Early on in the 1941 film Blues in the Night, there’s a moment of unforced wonder in which the titular blues song gets warbled in a St Louis jail by a wistful black prisoner. He’s in a crowded cell but he’s all alone, singing his broken heart out – and the (white) heroes, in a neighbouring cell, rise up, in awe: “That’s the real misery, ain’t it boys?” exclaims jazz pianist Jigger. “That’s the real lowdown New Orleans blues.”

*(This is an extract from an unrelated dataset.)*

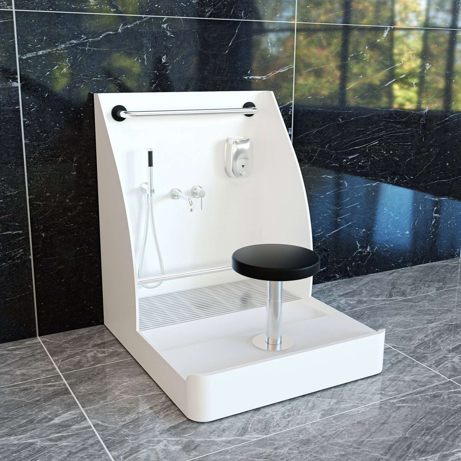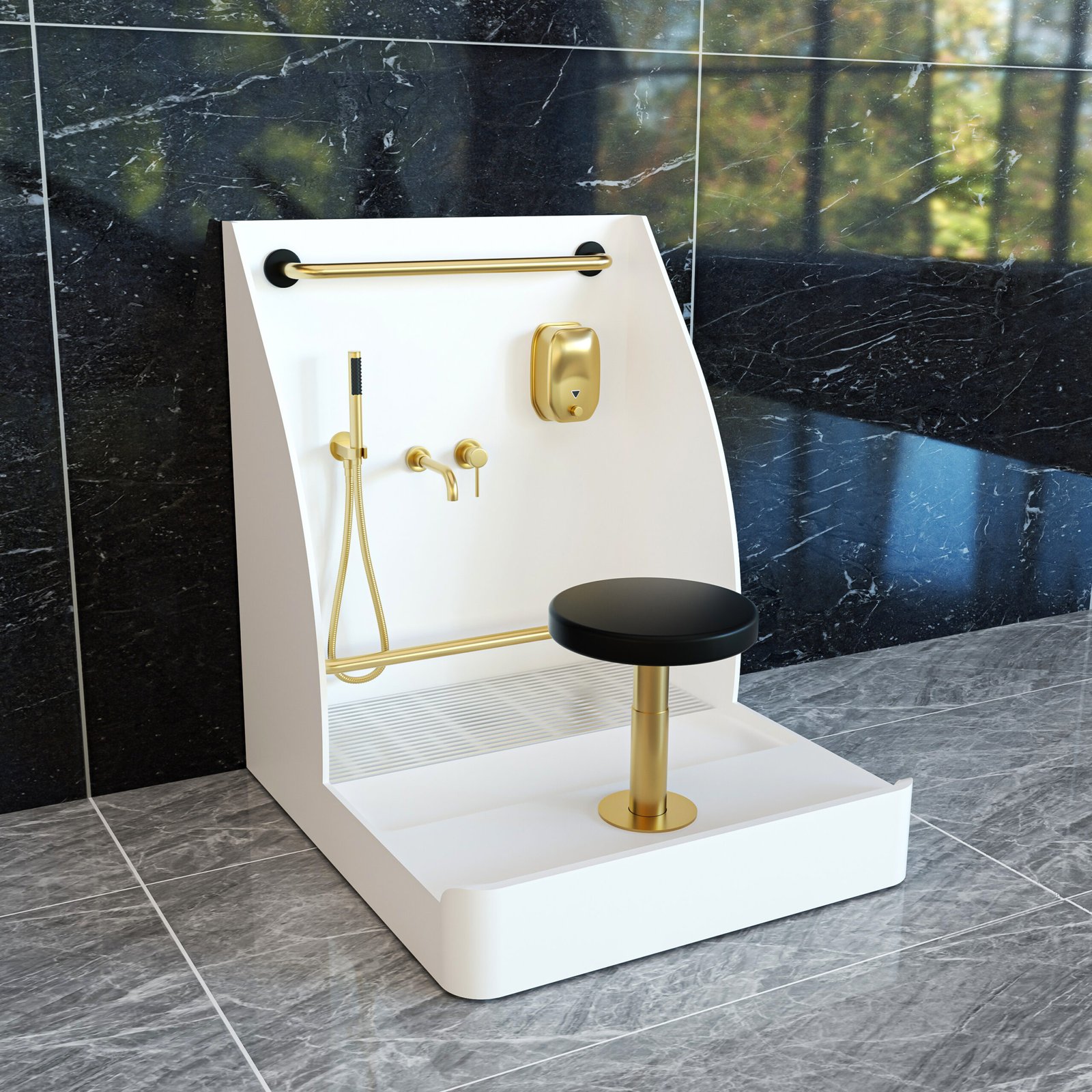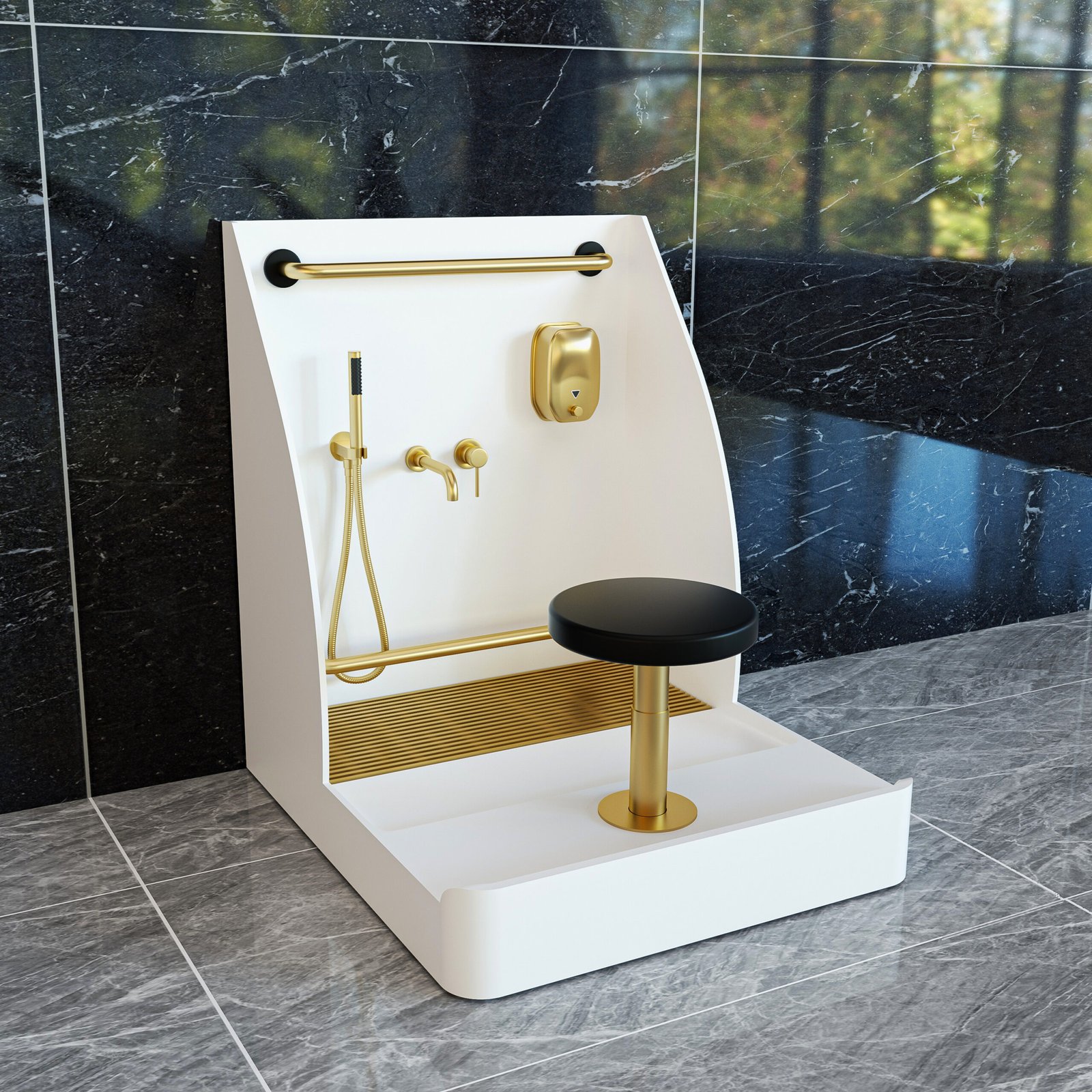 Marble Patterned Solid Surface Wudu Sink with Seat & Hand Shower | Custom Islamic Ablution Station for Mosques & Hotels

It wasn’t the ‘real’ blues, actually; the song was written by those ‘Tin Pan Alley’ giants Harold Arlen and Johnny Mercer – the composer and lyricist whose umpteen credits elsewhere include The Wizard of Oz (Arlen) and Moon River (Mercer). Yet it felt true, got hailed as one of the all-time great blues songs. It transfixed Judy Garland and Mickey Rooney – among the first people to whom it was played (“the greatest thing I’ve ever heard,” Rooney said) – and it will transfix you when you hear it at the Kiln theatre, where it provides the overall title to a compilation show first seen in the US in 1982.

There are a lot of things you can say against this oddly structured revue, some of them said at its premiere and echoed when the show cropped up in London five years later. Assigning simple labels to a quartet of lost souls – the Lady, the Woman, the Girl, the Man – and convening them in a late Thirties Chicago hotel, with a bar to drift into and threadbare rooms for the women to retreat to and croon in, hardly makes for deep dramatic cohesion.